The midterm is composed of two parts: an individual and a group component.
The individual component provides a description of the data set and examples both of the type of information that can be gleaned as well as visualizations that can be made. Be as concise as possible—fight the verbosity of academia!
The README must contain:
A brief overview of what the data set contains. This should be a short paragraph composed of short sentences describing the source of the data and the type of information it holds. This will look a lot like the opening paragraph of the Data Dictionary that you have, though possibly even shorter.
Example Insights Provide about 5-10 pieces of information that are notable and illustrate the nature of the data set. These should be both engaging and potentially useful to someone looking to analyze the data. Taken as a group, they should illustrate multiple ways that the data set might be used (i.e., not all referencing the same variable). For example: “The 311 system categorizes requests for service into 218 types, the most common being General Request.” “The neighborhood with the most 911 calls in 2013 was Dorchester.”

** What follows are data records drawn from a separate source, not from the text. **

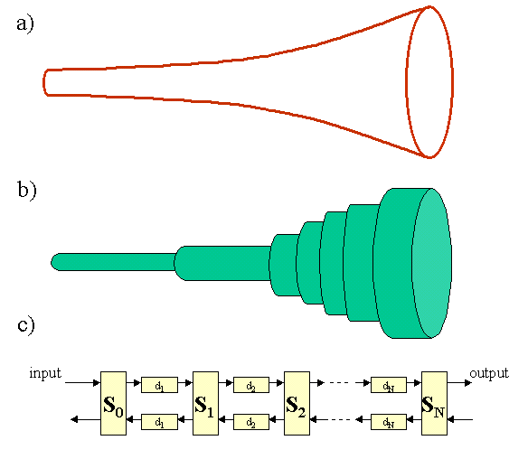 The picture (a) presents the body of the modelled instrument. The picture (b) describes a digital waveguide modeling the propagation of the wave (assumming that there is no loss in the wave-guide). The level of the sound pressure in each point of the wave guide is equal to the sum of the values of the traveling and reflected wave. The picture (c) models a tube, whoch length is limited. The (Fa) filter is related to the reflection of the sound from the edge of the mouth of the open pipe or from the end of the closed one. The filter is a downpass filter, because simulates the damping of the high frequencies during propagation. The (Ft) filter is a highpass transmission filter, because the emiision of the sound through the mouth of the pipe rises with the frequency. The picture (4) presents a certain simplification of the picture (3). That model is called quasi-physical model. The pair of the delay lines has been substituted by the only one two times longer delay line. The propagation loss in the wave guide is determinated by the multiplier (r). The quasiphysical model has not been constructed due to the physical emission of the sound (It is assumed that the wave is not emited from that same point as in the physical instrument). The experiments showed that the reality of sound is similar to the physical model. The presented description was related to the cylindric shape of the instrument. In the case of very complicate shape the body of the instrument can be modelled by the use of the finite number of small tubes or cones.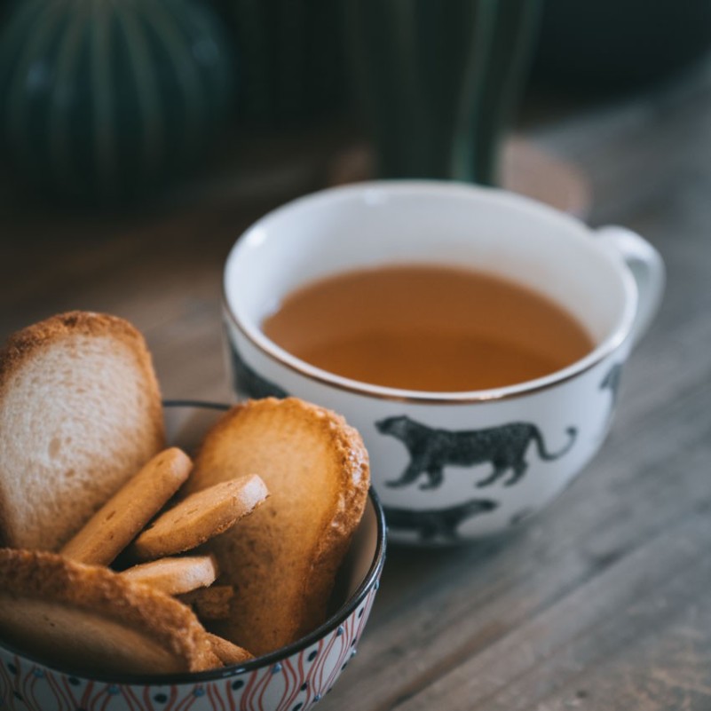 Thé noir en feuilles au citron à déguster dans une grande tasse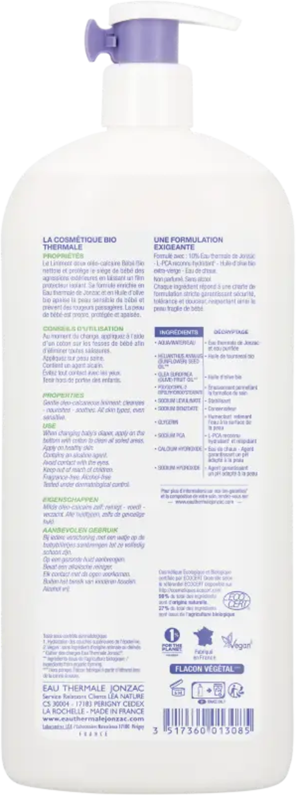 Eau Thermale JONZAC BébéBio Gentle Oleo-Calcareous Liniment, 1 l

Visualization. Include at least two visualizations that illustrate some aspect of the data set that you find particularly noteworthy, complementing the “fun facts.”
Keep it as short as possible. No more than two pages should be necessary (usually). Remember that this is something that a visitor will want to read quickly to decide whether it is of interest. If it is too verbose you will be deducted points.
To review a strong example from a previous year, see attachment above.
Make sure your group includes:
The record-level file with all new and modified variables included.
An updated Data Documentation that describes the new variables and, if necessary, modifies the description of any already existing variables.
An R markdown document clearly articulating steps for all data cleaning and variable creation. This should be efficient and complete such that the code could be run all at once on raw data to recreate the updated data set.